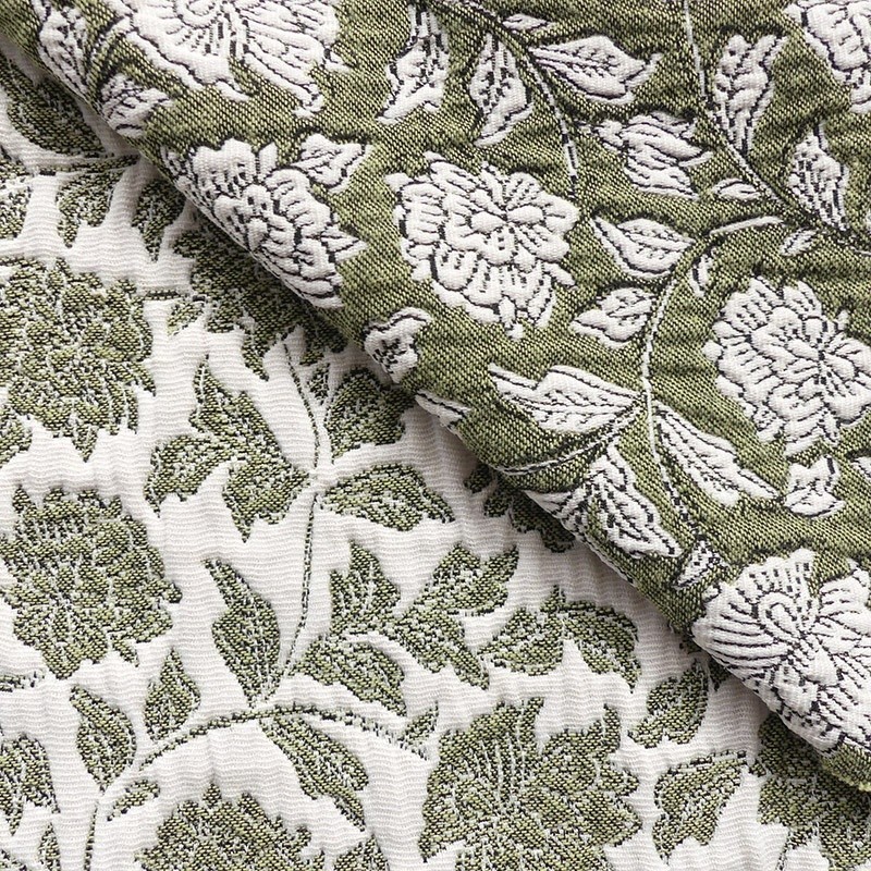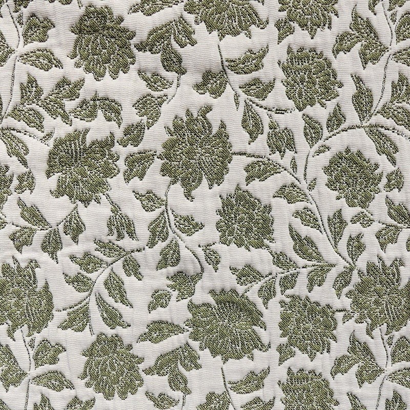 Le coloris kaki chaleureux apporte une touche de modernité à l’ensemble. Les fleurs, finement dessinées dans le tissage jacquard, offrent du relief et une belle profondeur visuelle.
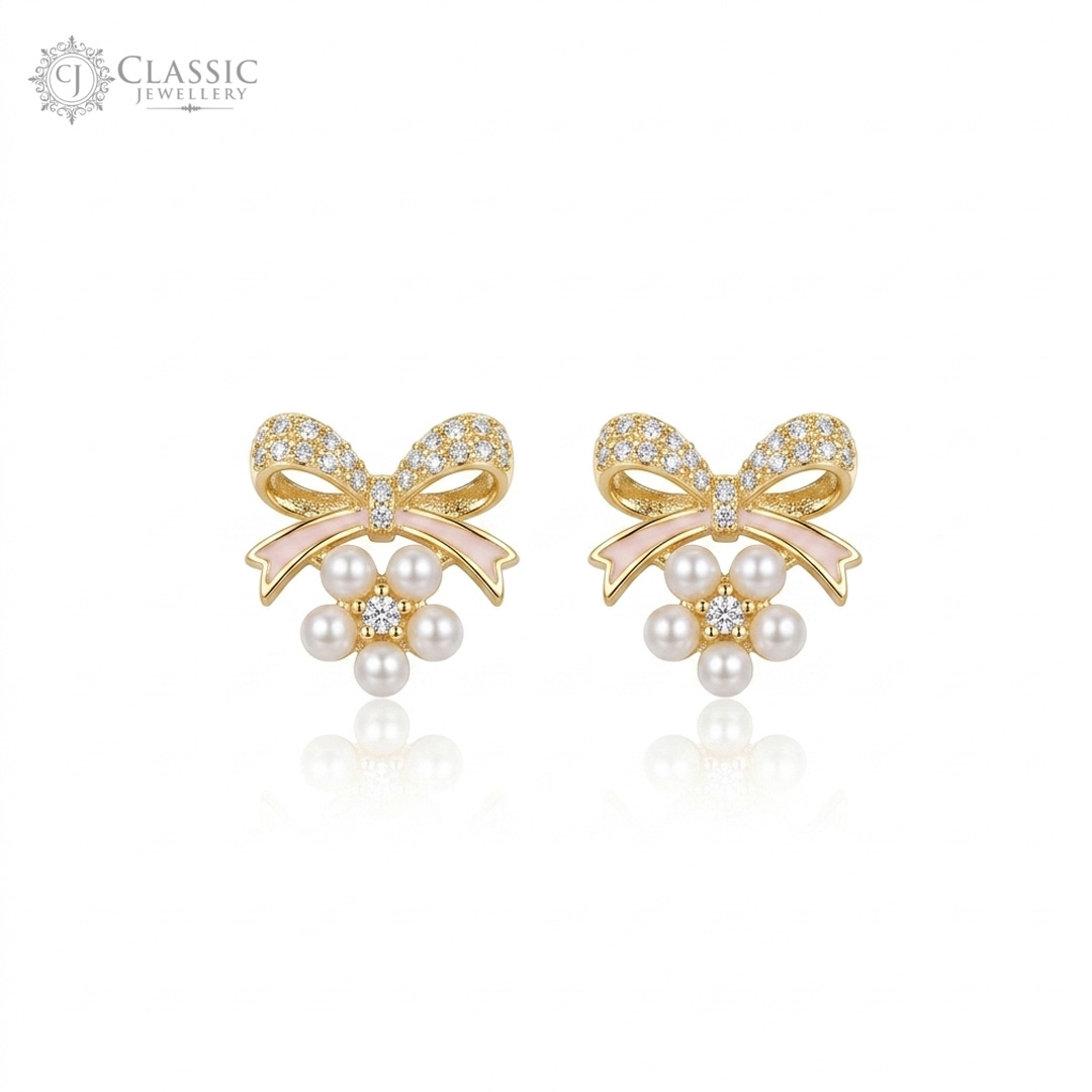 Charming & Playful Elegance Celebrate your feminine side with our Golden Bow & Pearl Studs. Featuring a delicate crystal-studded bow paired with a dainty pearl flower, these earrings bring a touch of whimsical luxury to your jewelry box.
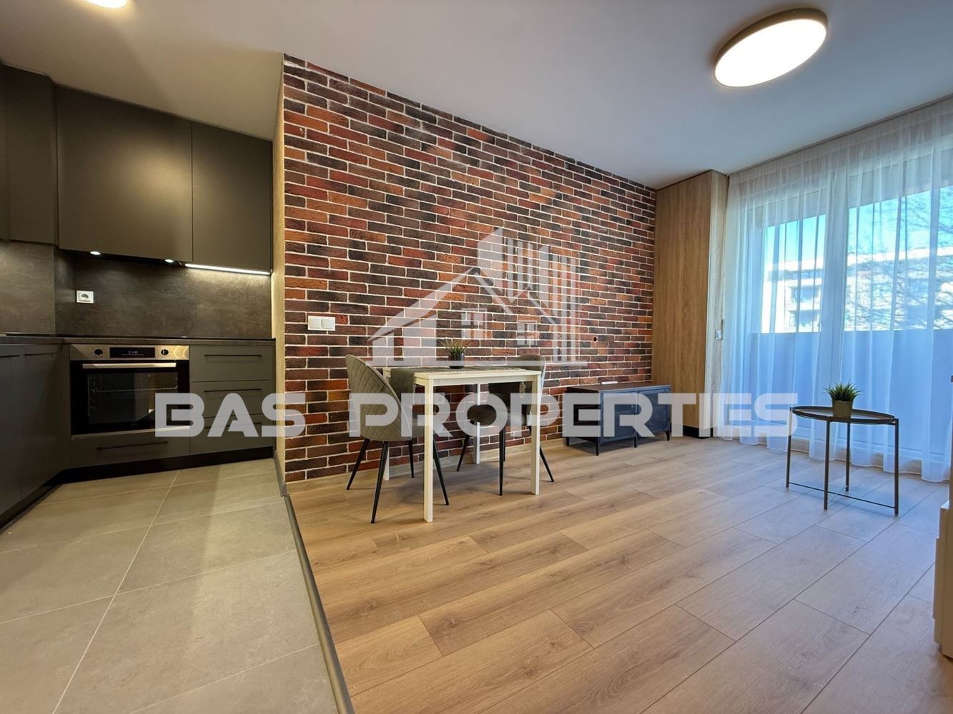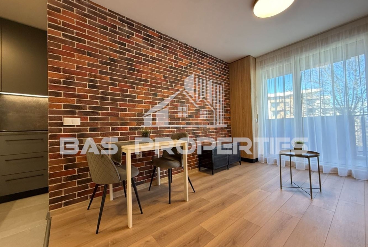 Пространството е добре организирано с обособени зони за кухненски бокс, трапезария и дневна част, което създава комфортна и модерна жилищна среда. Монтиран е нов климатик.
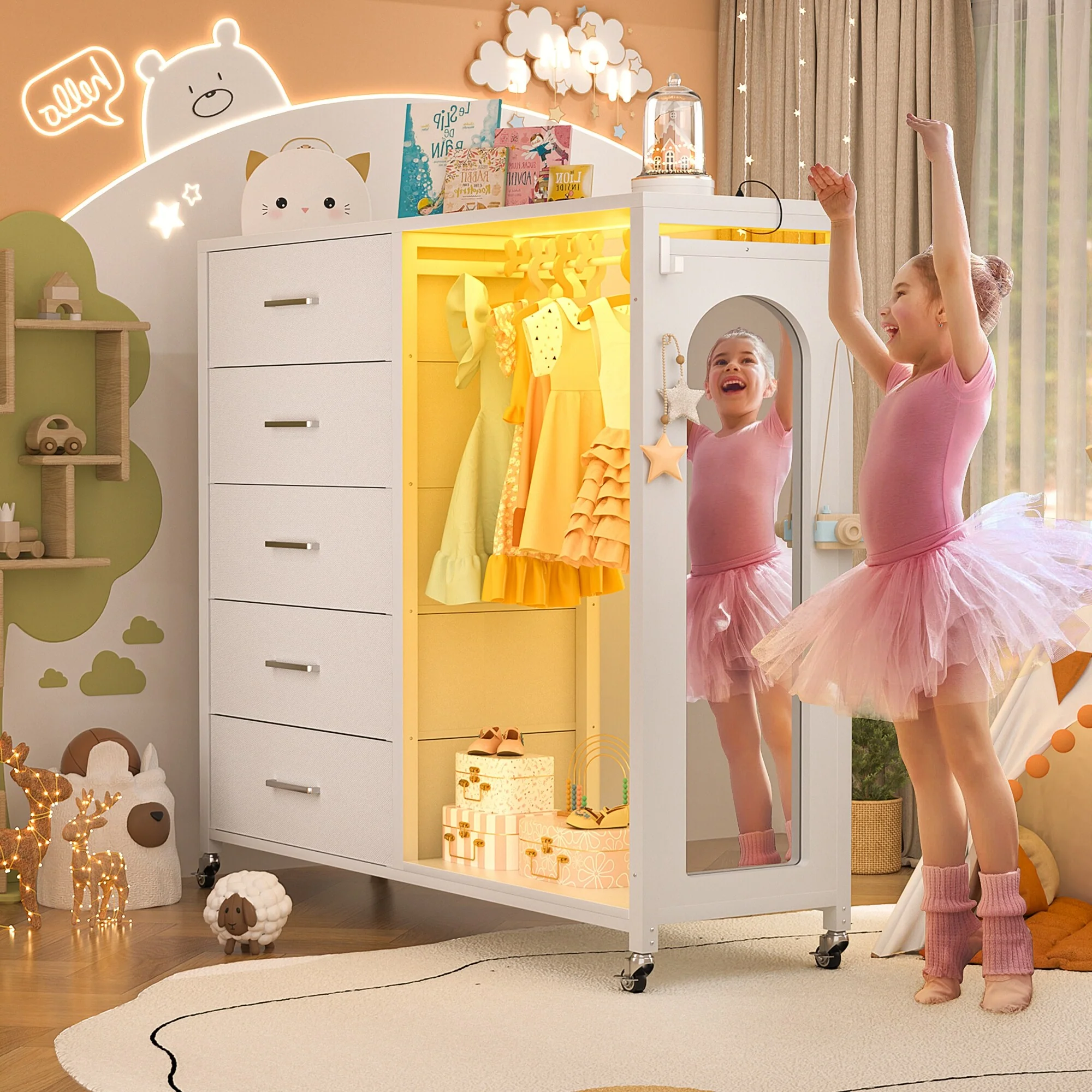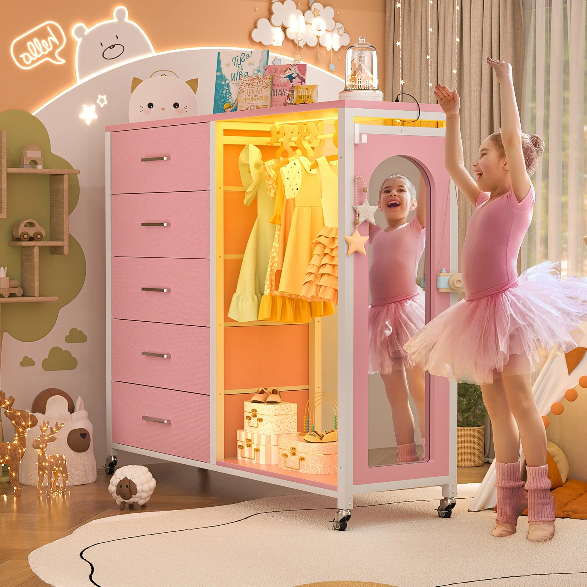 Kid's Closet Organizer with Fabric Drawers and Mirror, Rolling Dresser and Chest with Charge Station
□ □ □
Your assignment: Give back exactly the lines from the one containing "Charming & Playful" through the last line above, both included, and none of the pictures.

Answer to this exercise:
 Charming & Playful Elegance Celebrate your feminine side with our Golden Bow & Pearl Studs. Featuring a delicate crystal-studded bow paired with a dainty pearl flower, these earrings bring a touch of whimsical luxury to your jewelry box.
 Пространството е добре организирано с обособени зони за кухненски бокс, трапезария и дневна част, което създава комфортна и модерна жилищна среда. Монтиран е нов климатик.
 Kid's Closet Organizer with Fabric Drawers and Mirror, Rolling Dresser and Chest with Charge Station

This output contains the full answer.